The famous “Face on Mars” in the Cydonia region of the Red Planet as imaged by the Viking 1 orbiter.

NASA/JPL

In 1976, the Viking 1 orbiter took a photo of a rock in the Cydonia region of Mars that looked an awful lot like a face. Humans are neurologically primed to see faces, reading faces being pretty crucial for human survival, so it’s not surprising some people would see a face somewhere on Mars. It was still just rocks, light, and shadow.

The “Face on Mars” illusion dispelled by the Mars Reconnaissance Orbiter imaging the same mesa in Cydonia from a different angle.

NASA

“The ‘Face on Mars’ is a perfect example of pareidolia,” Byrne says, but there are other examples, including what some people say looks like Han Solo encased in carbonite on Mercury or a giant tick on Venus.

Where is the Moon cube?

Whatever the Moon cube might be, it’s currently about a football field away from the Yutu-2 rover, which is the first rover to explore the far side of the Moon. Both the rover and the mysterious object sit in the Von Kármán crater, a 110-mile diameter impact crater in the southern polar region of the Moon.

Meteor or comet impacts are a good way to generate and disperse boulders on the Moon without weather or water, and the Moon cube and Yutu-2 sit in a double crater — the Von Kármán crater is one of many in much, much larger South Pole-Aitken Basin, which measures nearly 1,600 miles across.

What is the Chinese Yutu-2 Rover?

CNSA launched the Yutu-2 rover in December 2018 as part of China’s Chang’e 4 lunar mission. The Chang’e 4 lander made the first soft landing on the Moon’s dark side on January 3, 2019, and deployed the rover.

China’s Yutu-2 rover on the dark side of the Moon.

-/AFP/Getty Images

Yutu-2 has since traversed more than 2,700 feet of the lunar surface, using its ground-penetrating radar and spectrograph instruments to study the surface composition and deeper structure of the Moon.

Powered by solar panels, Yutu-2 powers down during the two-week-long lunar night when the dark side of the Moon faces away from the Sun. But the Chinese rover has nevertheless beat the longevity record of the Soviet Lunokhod 1 rover. The Soviet machine roved the Moon for 321 Earth days in 1971, but Yutu-2 has been going strong for more than 1,068 Earth days.
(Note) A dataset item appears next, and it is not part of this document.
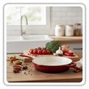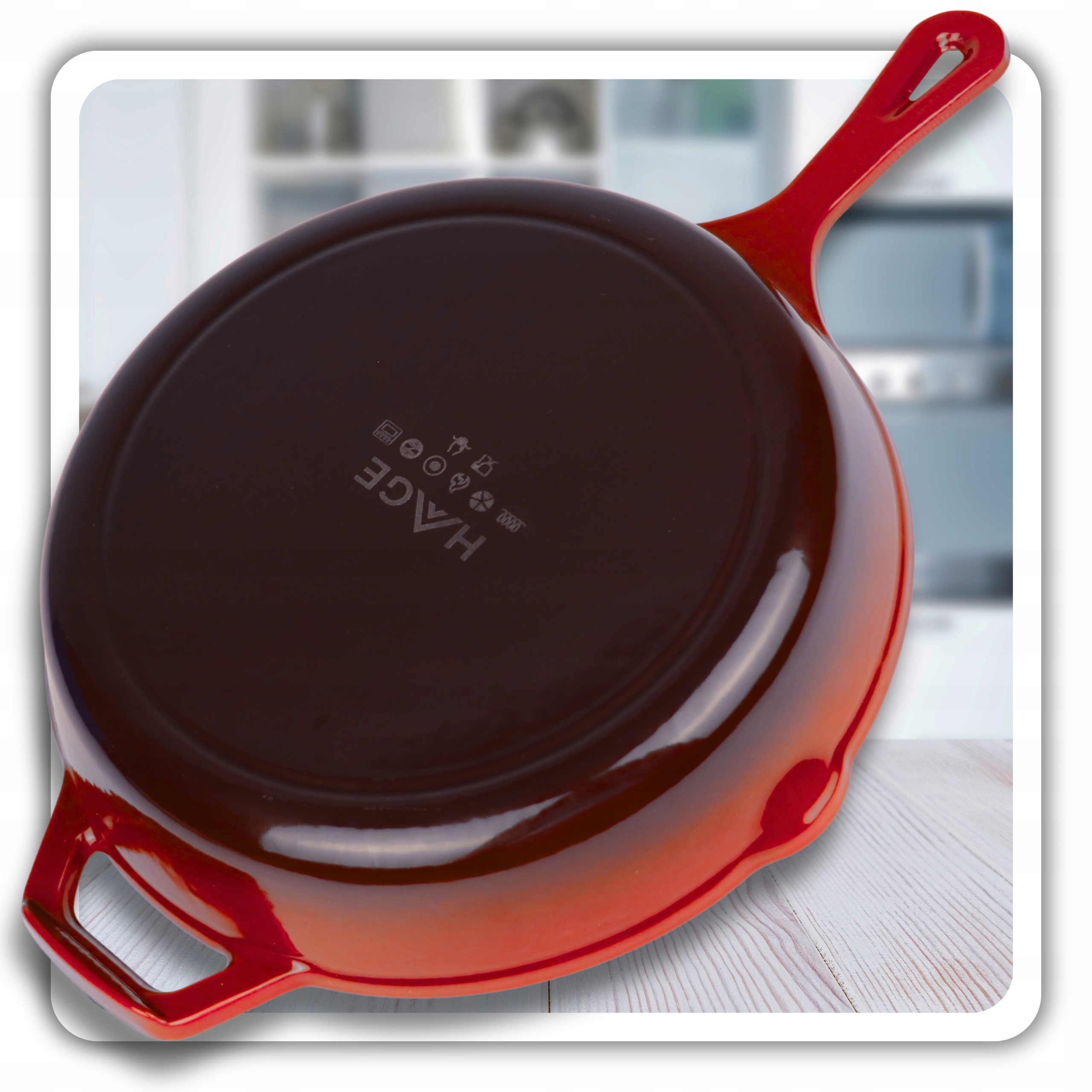 Odkryj trwałą patelnię żeliwną 26 cm w eleganckim czerwonym kolorze. Żeliwo doskonale rozprowadza i utrzymuje ciepło, gwarantując perfekcyjne rezultaty smażenia, duszenia i zapiekania. Emaliowana powłoka chroni przed korozją i jest wyjątkowo łatwa w czyszczeniu. Używaj jej na wszystkich kuchenkach, w tym indukcyjnych, oraz bezpiecznie w piekarniku.

What does the Moon Cube tell us about lunar geology?

Lunar boulders are interesting, Byrne says, because they tell scientists about the energies involved in the impacts that created them and give scientists access to material from deeper inside the Moon. “But for the time being, I have no reason to think that this particular boulder is any more special than any other of the billions and billions on the Moon,” he adds.
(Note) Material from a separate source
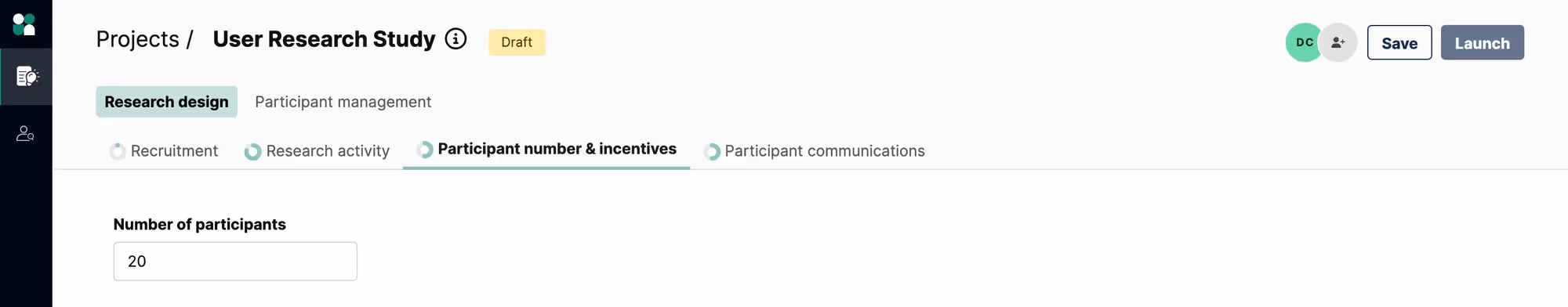 - Similar to focus groups, on the "Participant number & incentives" tab, enter the default number of participants per session.

More exciting is what the Yutu-2 rover may learn on its way to examining this mystery object.

“We still have a lot to learn about the Moon scientifically: its interior structure, the level of geological activity there today, and the composition of a variety of different parts of the Moon,” Byrne says. “Anything we learn about a place we’ve only visited with humans a handful of times will be useful!”

How soon will we learn what the mysterious Moon Cube really is?

Yutu-2 is an impressive instrument, but it’s not built for speed. While Chinese scientists plan to investigate the Moon Cube/ “Mystery Hut,” it will likely take two to three months — with intervening periods of inactivity during the lunar night — for the rover to get to the site of the mystery.